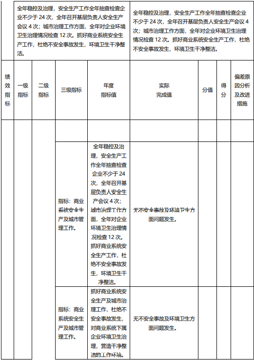 主要產出和效果:商業系統安全生產及城市環境衛生管理工作全年穩控及治理,安全生產工作全年抽查企業不少于24次,全年召開基層負責人安全生產會議4次。城市治理工作方面,全年對企業環境衛生治理情況檢查12次。抓好商業系統安全生產工作,杜絕不安全事故發生,環境衛生干凈整潔。
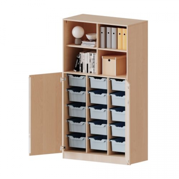 | | ErgoTray Kombi-Schrank mit 15 Boxen, 5 OrdnerhöhenVersandkostenfreie Lieferung! 3 OH unten mit Türen und 15 hohen ErgoTray Boxen, oben 2 OH Regal, mit Sockel, mit Mittelwand, B/H/T: 104,5x190x50 cm
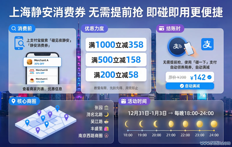 为力推2026消费开门红,在元旦小长假期间,上海静安区推出了全新的消费券模式:无需提前抢券,碰一下支付时自动领券用券实现满减。该“碰见夜静安”活动将自12月31日持续至2026年1月3日,每晚18:00至24:00在活动商家消费用碰一下支付即可自动参与。每日限量,先碰先得,碰完即止。
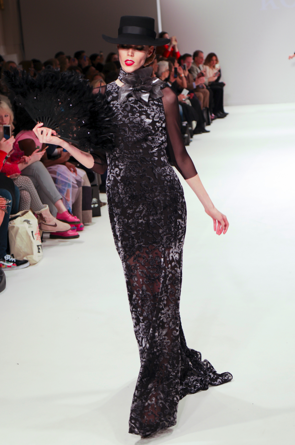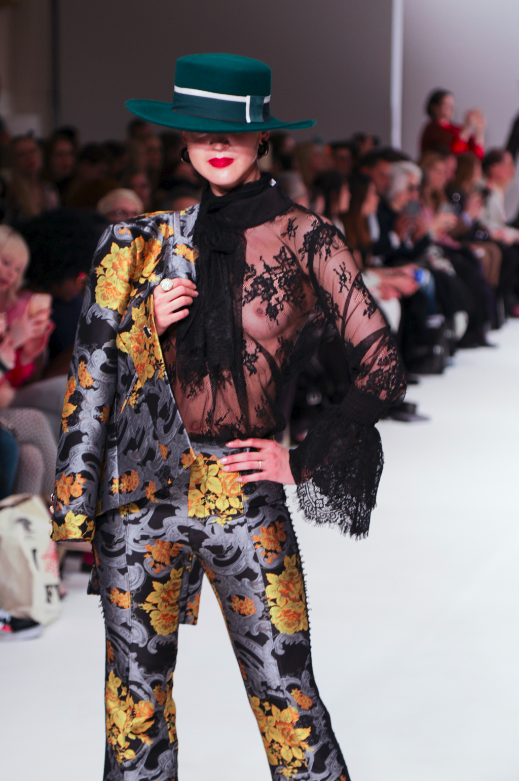 There were combinations of black, grey and mustard that felt modern, combined with Spanish gold trims and feather details to add an element of old school glamour. The standout pieces were the gowns, blazers and ruffled capes, and the Spanish music gave the collection a clear direction, as well as appearances from the flamenco dancer. The collection was rich in references, the amount of looks and different prints, but with the common theme it all made sense.
• • • • •
-- To do --
Restate word for word the lines from the one with "B/H/T: 104,5x190x50 cm" to the end of the material, both included. Do not include the pictures.

-- Problem solution --
 | | ErgoTray Kombi-Schrank mit 15 Boxen, 5 OrdnerhöhenVersandkostenfreie Lieferung! 3 OH unten mit Türen und 15 hohen ErgoTray Boxen, oben 2 OH Regal, mit Sockel, mit Mittelwand, B/H/T: 104,5x190x50 cm
 为力推2026消费开门红,在元旦小长假期间,上海静安区推出了全新的消费券模式:无需提前抢券,碰一下支付时自动领券用券实现满减。该“碰见夜静安”活动将自12月31日持续至2026年1月3日,每晚18:00至24:00在活动商家消费用碰一下支付即可自动参与。每日限量,先碰先得,碰完即止。
 There were combinations of black, grey and mustard that felt modern, combined with Spanish gold trims and feather details to add an element of old school glamour. The standout pieces were the gowns, blazers and ruffled capes, and the Spanish music gave the collection a clear direction, as well as appearances from the flamenco dancer. The collection was rich in references, the amount of looks and different prints, but with the common theme it all made sense.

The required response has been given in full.